▸ **Work to complete**: Wherever a line of the records contains "this", copy that line.

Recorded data
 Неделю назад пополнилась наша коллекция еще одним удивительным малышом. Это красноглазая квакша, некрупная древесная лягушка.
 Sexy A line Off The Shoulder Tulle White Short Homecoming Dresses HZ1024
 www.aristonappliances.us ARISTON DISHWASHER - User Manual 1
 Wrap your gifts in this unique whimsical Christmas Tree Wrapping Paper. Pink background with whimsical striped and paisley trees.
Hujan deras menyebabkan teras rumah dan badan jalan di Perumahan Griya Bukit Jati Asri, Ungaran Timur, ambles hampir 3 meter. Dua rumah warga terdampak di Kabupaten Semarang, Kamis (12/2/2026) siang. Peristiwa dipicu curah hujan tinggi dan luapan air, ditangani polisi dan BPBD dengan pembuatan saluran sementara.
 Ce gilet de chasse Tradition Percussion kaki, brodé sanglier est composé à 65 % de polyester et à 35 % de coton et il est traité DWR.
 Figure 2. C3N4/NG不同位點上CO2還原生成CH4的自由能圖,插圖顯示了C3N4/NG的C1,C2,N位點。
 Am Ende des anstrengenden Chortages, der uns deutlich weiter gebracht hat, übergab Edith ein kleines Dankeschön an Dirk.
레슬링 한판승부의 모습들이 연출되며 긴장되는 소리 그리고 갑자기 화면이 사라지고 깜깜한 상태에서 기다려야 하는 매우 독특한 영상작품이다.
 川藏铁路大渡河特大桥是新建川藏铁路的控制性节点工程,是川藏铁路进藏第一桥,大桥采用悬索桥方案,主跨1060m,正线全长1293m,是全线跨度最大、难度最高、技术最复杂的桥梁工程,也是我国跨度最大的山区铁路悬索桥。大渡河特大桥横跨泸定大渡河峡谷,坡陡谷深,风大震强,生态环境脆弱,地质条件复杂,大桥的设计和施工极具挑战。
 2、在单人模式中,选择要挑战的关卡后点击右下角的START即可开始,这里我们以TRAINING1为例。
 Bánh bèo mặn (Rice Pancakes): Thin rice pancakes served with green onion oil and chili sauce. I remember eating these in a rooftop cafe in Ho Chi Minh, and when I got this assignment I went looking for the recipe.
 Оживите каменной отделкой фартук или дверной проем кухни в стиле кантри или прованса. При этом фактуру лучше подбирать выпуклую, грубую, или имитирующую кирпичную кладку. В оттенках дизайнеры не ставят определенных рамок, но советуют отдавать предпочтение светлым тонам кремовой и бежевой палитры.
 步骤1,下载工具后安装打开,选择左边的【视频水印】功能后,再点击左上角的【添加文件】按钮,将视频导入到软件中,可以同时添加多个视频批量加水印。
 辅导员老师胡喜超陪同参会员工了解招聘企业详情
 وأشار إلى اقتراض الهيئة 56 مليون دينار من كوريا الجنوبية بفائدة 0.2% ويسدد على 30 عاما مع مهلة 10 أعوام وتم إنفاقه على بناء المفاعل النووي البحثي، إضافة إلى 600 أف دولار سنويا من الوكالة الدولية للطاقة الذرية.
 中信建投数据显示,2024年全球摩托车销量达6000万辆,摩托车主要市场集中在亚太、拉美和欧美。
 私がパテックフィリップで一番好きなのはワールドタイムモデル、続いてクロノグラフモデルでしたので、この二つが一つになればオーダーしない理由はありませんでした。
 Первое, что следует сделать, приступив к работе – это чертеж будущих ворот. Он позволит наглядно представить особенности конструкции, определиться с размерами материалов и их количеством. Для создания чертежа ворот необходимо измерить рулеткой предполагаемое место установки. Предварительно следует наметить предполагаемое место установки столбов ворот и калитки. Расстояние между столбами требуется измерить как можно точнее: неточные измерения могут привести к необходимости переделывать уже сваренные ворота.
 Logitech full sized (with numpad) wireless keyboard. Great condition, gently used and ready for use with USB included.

▸ **Answer box**:
 Wrap your gifts in this unique whimsical Christmas Tree Wrapping Paper. Pink background with whimsical striped and paisley trees.
 Bánh bèo mặn (Rice Pancakes): Thin rice pancakes served with green onion oil and chili sauce. I remember eating these in a rooftop cafe in Ho Chi Minh, and when I got this assignment I went looking for the recipe.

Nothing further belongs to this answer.